Publié le 14 avril 2026 à 15:19, modifié le 14 avril 2026 à 15:19

Par: Jean-Baptiste Leveque

Des familles de Charlevoix aimeraient voir s’implanter un service de sages-femmes dans leur région. Elles réclament d’avoir le choix du professionnel et du lieu pour la naissance de leurs enfants. Le CIUSSS de la Capitale-Nationale analyse la viabilité du projet et la forme que pourrait prendre un tel service.

Pour son quatrième enfant, Mélanie Laquerre n’a pas vécu l’accouchement qu’elle désirait.

« Suite à une tempête de neige, j’ai dû accoucher au centre hospitalier de La Malbaie. Ça a très bien été, c’est juste qu’il manquait pour me rassurer… Moi il aurait fallu que j’ai une sage-femme à mes côtés », raconte la mère de famille installée à Saint-Hilarion.

D’autres parents font jusqu’à deux heures de route pour accéder à un service de sage-femme, un manque dans la région de Charlevoix.

« C’est une expérience totalement différente.
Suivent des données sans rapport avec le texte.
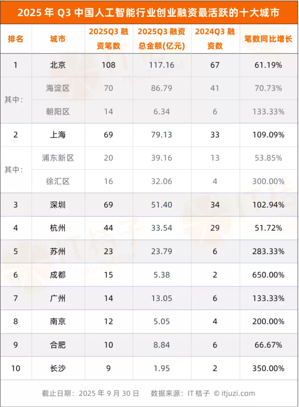 三季度AI融资同比翻倍,长三角领跑,长沙跻身全国前十
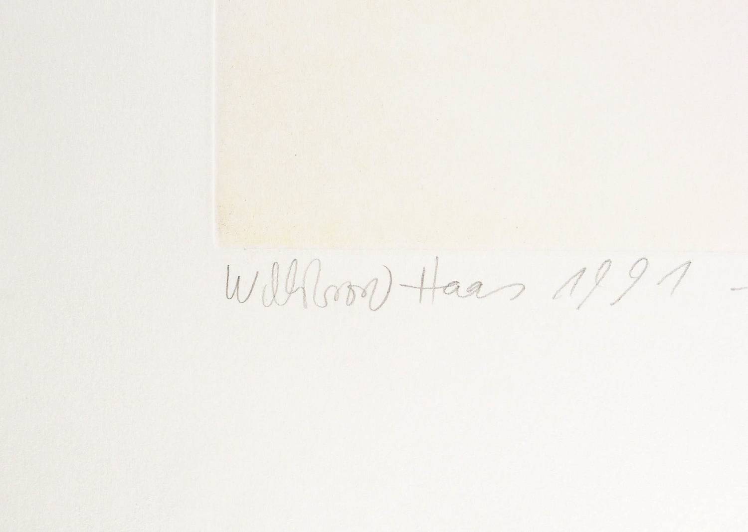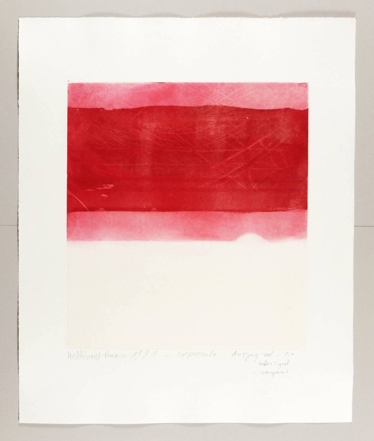 Links unten in Bleistift signiert und datiert: ″Willibrord Haas 1991″. Rechts Auflagenbezeichnung. Mittig Titel: ″crépuscule - Auszug rot - rubin + signal + transparent″. – Ohne Mängel. Tadellos erhalten.

Pour moi c’est de se rapprocher plus de ton enfant, tout au long de ta grossesse et même par après. C’est plus naturel », partage Mélanie Laquerre.
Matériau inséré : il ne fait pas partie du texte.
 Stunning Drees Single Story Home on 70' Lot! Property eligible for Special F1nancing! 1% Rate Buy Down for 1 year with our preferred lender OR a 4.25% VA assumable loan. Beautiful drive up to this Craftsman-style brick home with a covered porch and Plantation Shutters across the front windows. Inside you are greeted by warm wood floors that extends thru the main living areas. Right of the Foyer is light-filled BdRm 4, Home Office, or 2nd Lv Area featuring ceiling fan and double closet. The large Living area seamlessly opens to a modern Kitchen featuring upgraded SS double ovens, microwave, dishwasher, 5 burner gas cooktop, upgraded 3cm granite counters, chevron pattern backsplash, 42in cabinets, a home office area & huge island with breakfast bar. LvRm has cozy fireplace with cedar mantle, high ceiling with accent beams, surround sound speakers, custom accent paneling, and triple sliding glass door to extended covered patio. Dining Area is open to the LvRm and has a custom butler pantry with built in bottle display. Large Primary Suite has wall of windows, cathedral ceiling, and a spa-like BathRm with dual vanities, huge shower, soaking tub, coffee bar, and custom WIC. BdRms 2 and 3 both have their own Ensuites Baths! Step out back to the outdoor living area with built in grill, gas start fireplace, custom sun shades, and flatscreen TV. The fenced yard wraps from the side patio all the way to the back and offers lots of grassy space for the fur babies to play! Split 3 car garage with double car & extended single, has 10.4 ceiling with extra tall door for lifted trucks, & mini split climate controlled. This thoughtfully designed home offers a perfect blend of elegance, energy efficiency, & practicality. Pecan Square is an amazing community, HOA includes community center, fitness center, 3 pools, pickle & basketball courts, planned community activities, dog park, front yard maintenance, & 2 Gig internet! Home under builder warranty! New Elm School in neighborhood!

« Avec la sage-femme on peut accoucher autant à l’hôpital, à la maison qu’en maison de naissance. Ça, c’est les sages-femmes qui l’offrent, puis souvent c’est un choix que les familles veulent faire », affirme Roxanne Lorrain, membre du comité Objectif Sages-Femmes Charlevoix.
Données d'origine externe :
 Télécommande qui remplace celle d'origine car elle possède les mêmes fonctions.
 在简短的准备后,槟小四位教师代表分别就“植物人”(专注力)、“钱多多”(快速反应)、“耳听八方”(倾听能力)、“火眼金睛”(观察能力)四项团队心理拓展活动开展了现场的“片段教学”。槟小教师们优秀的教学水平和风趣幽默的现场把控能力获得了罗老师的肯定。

Ce comité citoyen milite pour la création d’un tel service, et pas seulement pour les familles. Des étudiantes et des professionnelles sages-femmes aimeraient venir pratiquer dans la région.

Marine Midré, membre du comité, ajoute qu’il y a « des sages-femmes qui habitent dans Charlevoix aussi, mais qui ne peuvent pas pratiquer parce qu’elles sont trop loin des maisons de naissance actuellement, puis qu’elles ne peuvent pas offrir un suivi. Donc elles ont arrêté leur emploi pour décider de venir en région. »

Au CIUSSS de la Capitale-Nationale, des discussions sont en cours entre le département clinique des sages-femmes et les médecins de Charlevoix. L’organisme dit qu’il « est trop tôt pour s’avancer » sur la forme d’un éventuel service.

Roxanne Lorrain, signale que « des fois, (les sages-femmes) ne sont pas en mesure de pratiquer dans leur pleine autonomie. Puis ça, ça limite les choix des familles finalement. Comme par exemple, dire qu’elles ne pourront pas faire des accouchements en dehors du centre hospitalier. Mais pour nous, on ne veut pas ça, on veut que les familles aient des sages-femmes, mais aussi le choix du lieu de naissance », insiste-t-elle.

Et si avoir une maison de naissance semble utopique, une chambre de naissance est avancée par le comité comme alternative.